В двух аршинах от нас стоял угрюмый каменный идол Чернуха в косую сажень высотой, на плече которого сидел крупный ворон. Приоткрыв клюв, птица поглядывала на нас с явным интересом.
- Да пошёл ты! - проворчал я, обращаясь к ворону, и принялся расталкивать службиста. - Миролев, мать твою, просыпайся! - с трудом сев, я похлопал его по щеке, потряс; случайно приложил мотнувшейся головой о какой-то плоский камень. Видимо, удар этот получился как нельзя кстати: Озерский тихонько застонал и поморщился. - Давай-давай, я всё понимаю, но лучше тебе очнуться, - я вновь похлопал его по щеке; аккуратно, чтобы опять обо что-нибудь не стукнуть. Кто знает, как сказываются на менталистах удары по голове? - Слышишь меня?
Он снова застонал, с видимым усилием открыл глаза.
- Где мы? - едва слышно выдавил он.
- Кажется, на капище. И мне тут очень не нравится.
- Голова...
- Что? Болит?
- Не то слово, - он медленно поднял руки, вцепившись в упомянутую часть тела. - Что случилось? Ничего не помню...
- Не прибедняйся, меня вот, судя по всему, помнишь. Как лешего искали и нашли, помнишь?
- Смутно, - пробормотал дознаватель. - Это он нас так?
- Больше некому, - я вздохнул, оглядываясь. В рассветных сумерках было видно не то чтобы хорошо, но всё же гораздо лучше, чем ночью, да и место было более-менее открытое.
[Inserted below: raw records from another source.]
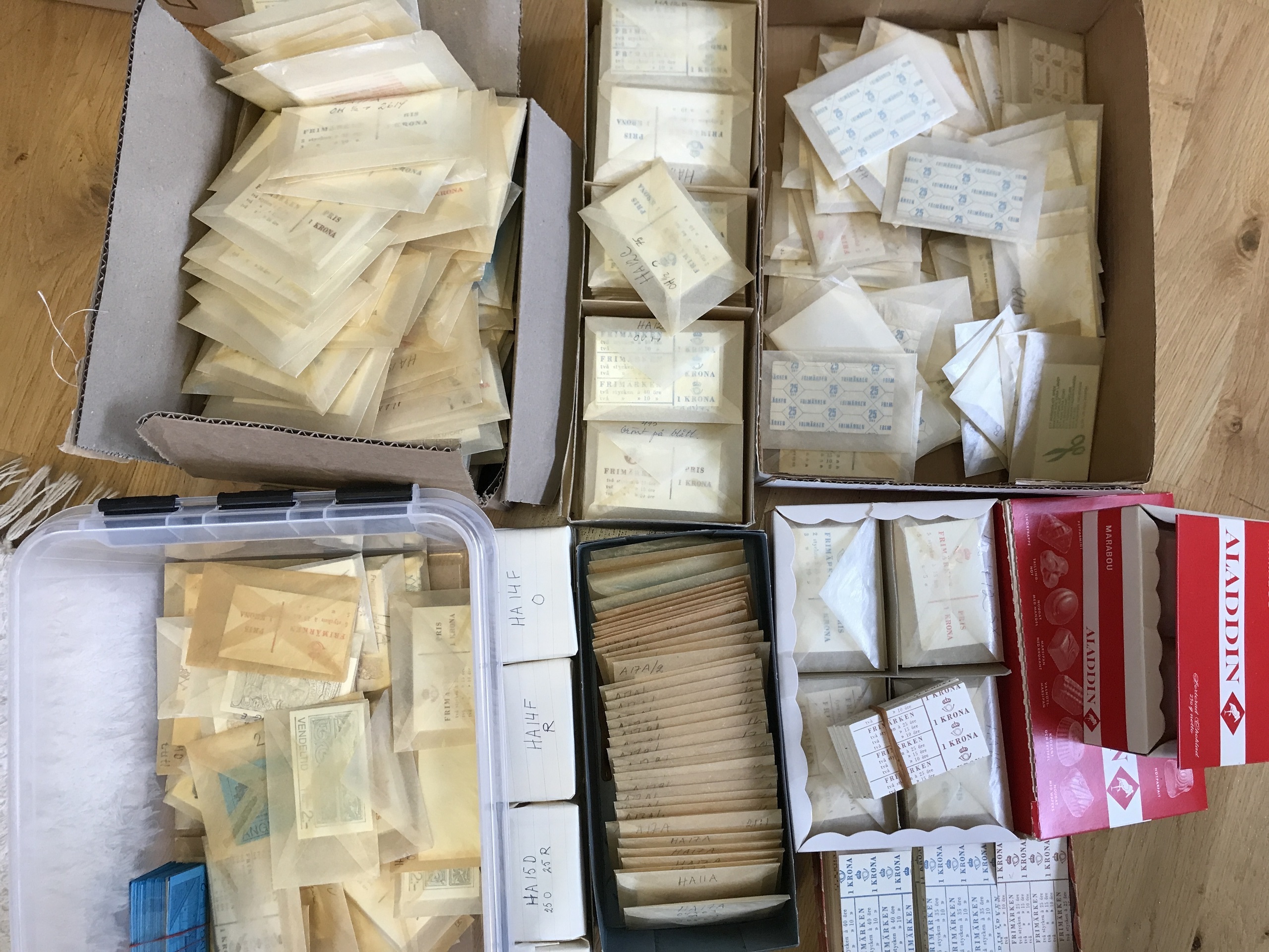 Sweden. Booklets. Box with at least 1000 slot-machine booklets HA1-25. E.g. ten HA1 incl. three R, 12 HA2, 20 HA5, 72 HA16, with different margin signs, etc. Approx. 7 kg.
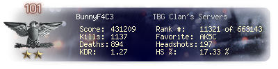 | Battlelog Stats: www.Battlelog.Battlefield.com | BF4DB: www.BF4DB.com |
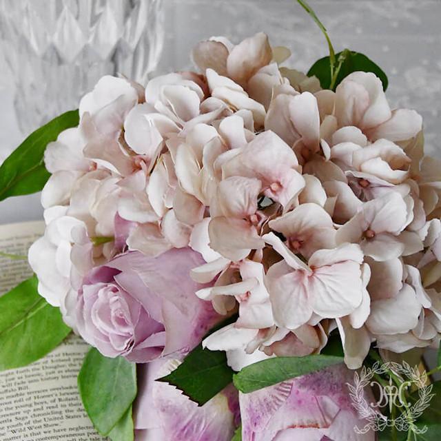 アジサイ&ローズミックスフラワーブーケ 8427【ハルモニア オブジェ アーティフィシャルフラワー ブーケ リーフ お花 父の日 母の日 敬老の日 クリスマス】
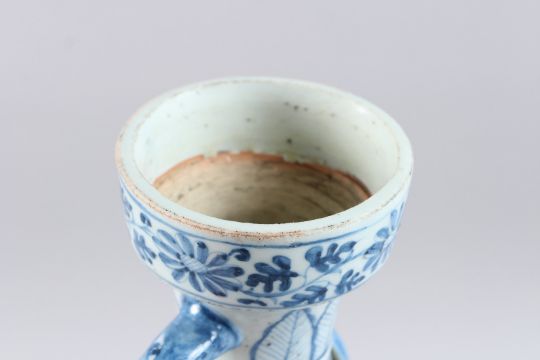 A CHINESE BLUE AND WHITE VASE, with elephant head and ring handles, 15½in high.

Чернух и его слуга (каковыми по народному поверью являлись все вороны) продолжали пристально и недобро нас разглядывать. Вернее, недобро глядел только идол. Тусклый каменный истукан едва заметно поблёскивал слюдяными глазами. Небесный воевода и так-то всегда был мрачен и жуток, а здесь впечатление усугублялось густым тёмным мхом, в который покосившееся изваяние вросло примерно до середины.
Кроме Чернуха обнаружились и остальные идолы. Каждый на своём месте, выполненные аккуратно, в традиционной манере. Только здесь не один бог зла выглядел пугающим; даже Ласка, самая добрая и всепрощающая из небожителей, смотрела мрачно и сурово.
А потом я заметил ещё одно несоответствие, и стало окончательно не по себе. Идолы были не все. В центре, где положено возвышаться Росу, смутно угадывалась заросшая куча камней, рядом с которой торчал трухлявый пень исполинских размеров; видимо, когда-то здесь рос могучий многовековой дуб, а потом его... срубили?
- Кажется, богов в этом месте нет уже давно, - нервно хмыкнул Миролев, незаметно для меня успевший сесть и оглядеться.